The second file is your Python notebook with the code supporting your analysis/results. Your code should be submitted as assig1 <student id>.ipynb, the Jupyter notebook exten- sion.
Submit your files to LMS before the due date and time. You can submit them multiple times. Only the latest version will be marked. Your submission will follow the rules provided in LMS.
Important:
• You must submit the first part of your assignment as an electronic file in PDF format (do not send DOCX, ZIP or any other file format). Only PDF format is accepted, and any other file format will receive a zero mark.
• You should provide comments on your code.
• You must deliver parts one and two to have your assignment assessed. That is, your submission should contain your analysis and your Jupyter notebook with all coding, both with appropriate formatting.
• Bysubmittingyourassignment,youacknowledgeyouhavereadallinstructionsprovided in this document and LMS.
• There is a general FAQ section and a section in your LMS, Assignments - Assignment 2 - Updates, where you will find updates or clarifications about the tasks when necessary. It is your responsibility to check this page regularly.
1

• You will be assessed on your thinking and process, not only on your results. A perfect performance without demonstrating understanding what you have done won’t provide you marks.

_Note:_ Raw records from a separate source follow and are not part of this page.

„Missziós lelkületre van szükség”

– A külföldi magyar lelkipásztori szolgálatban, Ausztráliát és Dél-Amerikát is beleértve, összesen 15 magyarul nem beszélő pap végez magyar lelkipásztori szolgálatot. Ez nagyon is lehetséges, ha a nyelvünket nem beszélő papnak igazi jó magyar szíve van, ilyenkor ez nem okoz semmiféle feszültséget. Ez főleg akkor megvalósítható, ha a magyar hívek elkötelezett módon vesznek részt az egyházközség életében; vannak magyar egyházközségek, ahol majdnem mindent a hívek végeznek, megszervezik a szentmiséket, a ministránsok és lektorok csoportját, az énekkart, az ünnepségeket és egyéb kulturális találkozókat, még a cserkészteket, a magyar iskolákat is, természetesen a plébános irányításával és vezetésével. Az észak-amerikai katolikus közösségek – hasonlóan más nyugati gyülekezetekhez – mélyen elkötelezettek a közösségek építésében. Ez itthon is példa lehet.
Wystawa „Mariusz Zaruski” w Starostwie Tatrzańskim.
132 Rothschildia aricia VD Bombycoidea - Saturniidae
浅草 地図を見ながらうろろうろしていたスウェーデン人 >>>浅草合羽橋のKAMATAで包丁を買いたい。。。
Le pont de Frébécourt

• Your answer must be concise. A few sentences (2-5) should be enough to answer most of the open questions. You will be graded on thoughtfulness. If you are writing long answers, rethink what you are doing. Probably, it is the wrong path.
• Youcanaskinthelaborduringconsultationifyouneedclarificationabouttheassignment questions.

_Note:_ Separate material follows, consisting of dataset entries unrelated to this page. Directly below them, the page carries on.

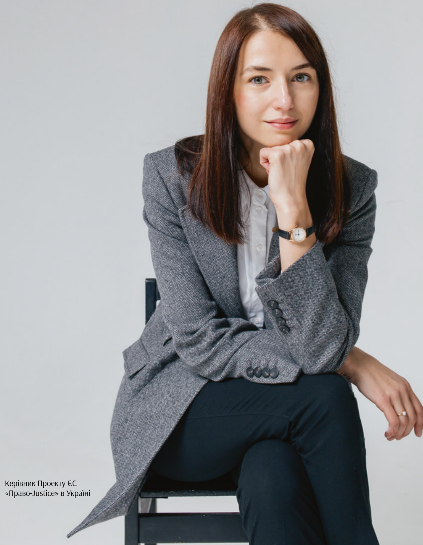
Керівник Проекту ЄС «Право-Justice» в Україні

Правосуддя — це теж сервіс, який потребує цифрової трансформації. Сьогодні Електронний суд та дистанційне правосуддя — це не лише про відповідність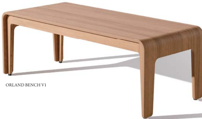
ORLAND BENCH V1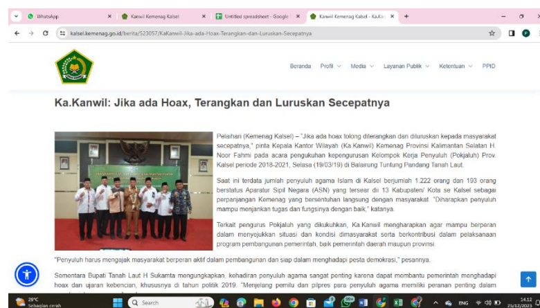
Gambar 4.5 Langkah Kemenag Tepis Hoax Dengan Menerangkan Dan Meluruskan

Kesimpulan dari hasil wawancara oleh beberapa narasumber dapat diambil kesimpulan yaitu selain memberikan membenaran atau karifikasi terhadap pemberitaan yang tidak benar akantetapi penting memberikan edukasi terhadap masyarakat. Seperti yang di sampaikan oleh Inspektur Jenderal Kementerian Agama (Kemenag) RI H. M. Nur Kholis Setiawan pada tahun 2018 menawarkan tiga konsep penanggulangan hoax “Konsepnya ialah Saring, Sebelum, Share” 89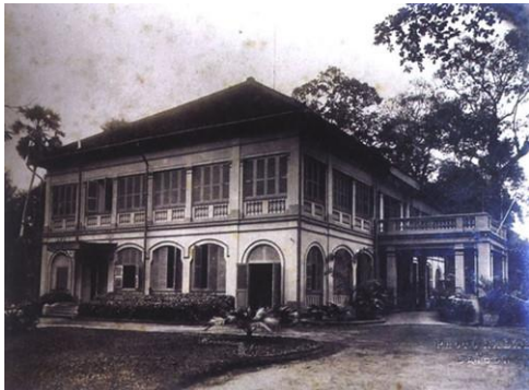
Tòa Bồ Gia Định xưa

Cô Tám nhắn tin trên Facebook hỏi tôi có biết cái hẻm nhà cô hồi đó gọi là hẻm “Ba cây Sao” không? Đó là cái hẻm trên đường Nguyễn Văn Học xưa.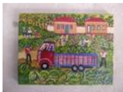
Récolte de pastèques (2020.411)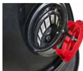
Alimentarea cu apă se face prin deschiderea ovală mare cu filtru și capac de protecție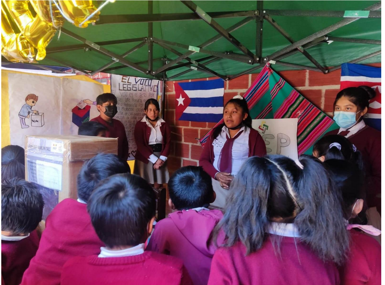
Los estudiantes exponiendo a sus compañeros los valores democráticos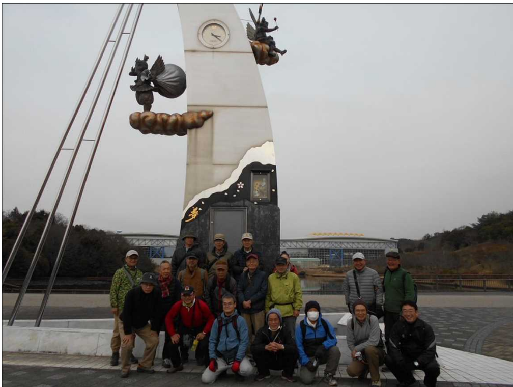
1399 シンボルの時計台にて

• You should be aware that some algorithms can take a while to run. A good approach to improving their speed in Python is to use the vectorised forms discussed in class. In this case, it is strongly recommended that you start your assignment soon to accommodate the computational time.
• For the functions and tasks that require a random procedure (e.g. splitting the data into 80% training and 20% validation set), you should set the seed of the random generator to the value “5508” or the one(s) specified in the question.
2 Dataset
In this assignment, you are asked to train a few decision tree classifiers on the Breast cancer wisconsin (diagnostic) dataset available on Scikit-Learn and compare their performances.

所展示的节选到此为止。